Demonstrating that being gay was no obstacle to striaght marriage in these years, Hurlbert eventually married at 60 while Higginson married twice. Mary Channing died in 1877. Two years later Higginson married Mary Potter Thacher, with whom he had two daughters, one of whom survived into adulthood.[7]
Eventually Hurlbert refused even to reply to the monthly letters Higginson would not stop writing him. “Give too much love to the dearest and fairest and oh! What sad dissatisfactions,” confided Higginson to his journal, feeling only slightly less trapped, one imagines, than his friend. Though one of Higginson’s biographers does assert he sent no note of congratulation when Hurlbert married at nearly sixty, Higginson, though long estranged from Hurlbert, never spoke ill of his friend and remained, in one scholar’s view, “ever hopeful,” though so many years later it is hard to know the details. One biographer of Higginson, James W. Tuttleton, calls Hurlbert “a breaker of many female hearts and the disappointer of many high hopes” generally, his life in the end “destroyed by personal licentiousness and social scandal.” Tilden Edelstein calls his life “scandalous.” But both affirm the unusualness of Hurlbert and Higginson’s friendship. Tuttleton says, “Their relationship had been a curious one … . Higginson was half in love with him,” while Edelstein reports one observer as saying the letters that passed between Higginson and Hurlbert were “more like those between man and woman than between two men.” After the era’s fashion, Higginson wrote a book about it, but thinly veiled, and Tuttleton goes so far as to assert “the genesis of Higginson’s only novel, Malbone, was Higginson’s youthful disillusionment with a divinity school friend of the 1840’s, William Hurlbert.”

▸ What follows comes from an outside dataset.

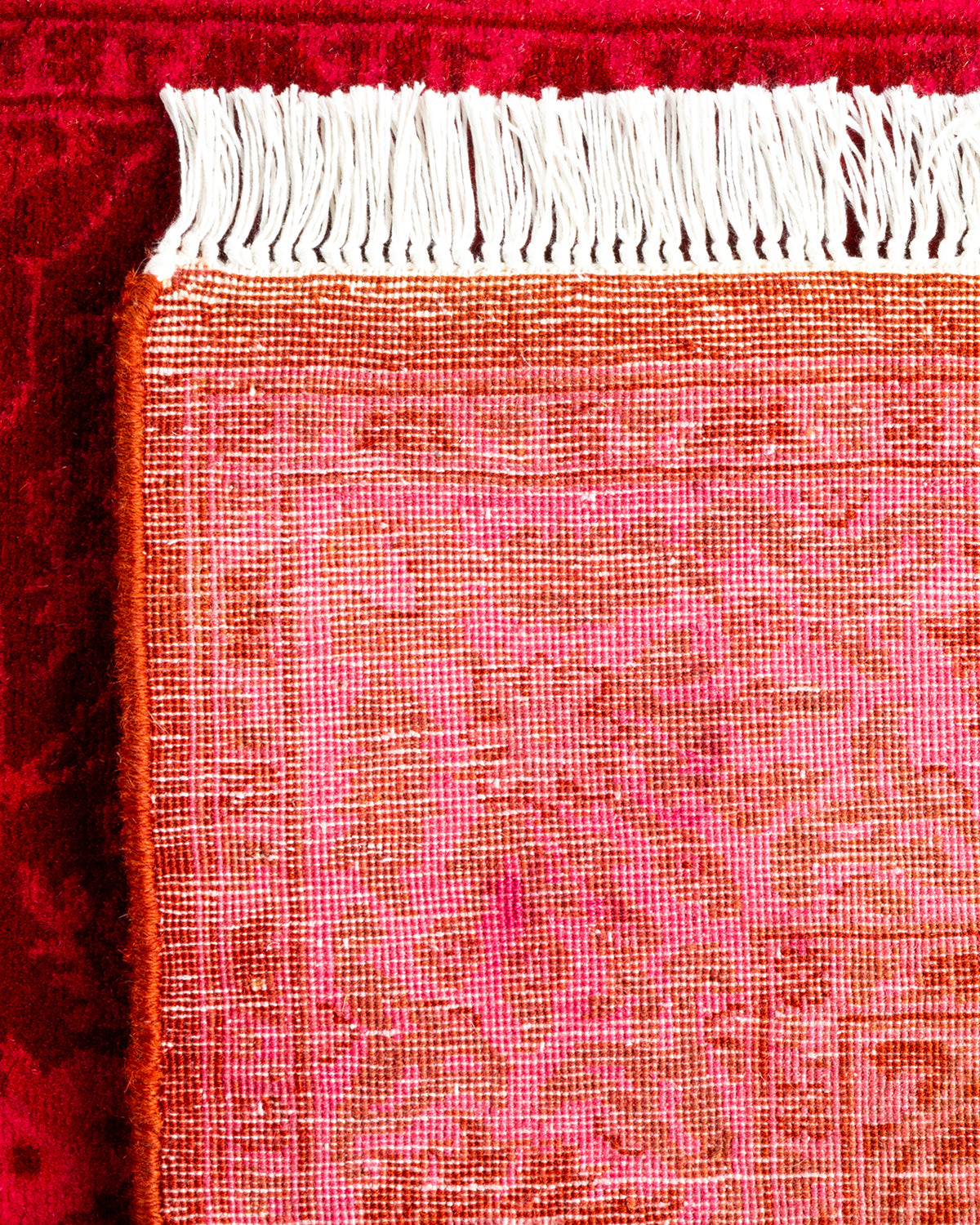 Contemporary Hand-Knotted Overdyed Red Runner 2' 7" x 9' 10"

Thomas Wentworth Higginson comes up also in Roger Austen’s Genteel Pagan, a study of the life and work of the gay novelist Charles Warren Stoddard: as it turns out, he was a correspondent of Stoddard, the author of famously homoerotic travel stories set in the South Pacific, experiences with natives which were manly in another sense, a homoerotic sense.
In 1891, Higginson became one of the founders of the Society of American Friends of Russian Freedom (SAFRF). He edited its public appeal "To the Friends of Russian Freedom". Later, in 1907 Higginson was the vice-president of the SAFRF. In 1905, he joined with Jack London, Clarence Darrow, and Upton Sinclair to form the Intercollegiate Socialist Society.[33] Higginson was an Advisory Editor for the second attempt at the Massachusetts Magazine. Higginson died May 9, 1911, and is buried in Cambridge Cemetery in Cambridge, Massachusetts at the intersection of Riverview, Lawn, and Prospect paths.[34][35]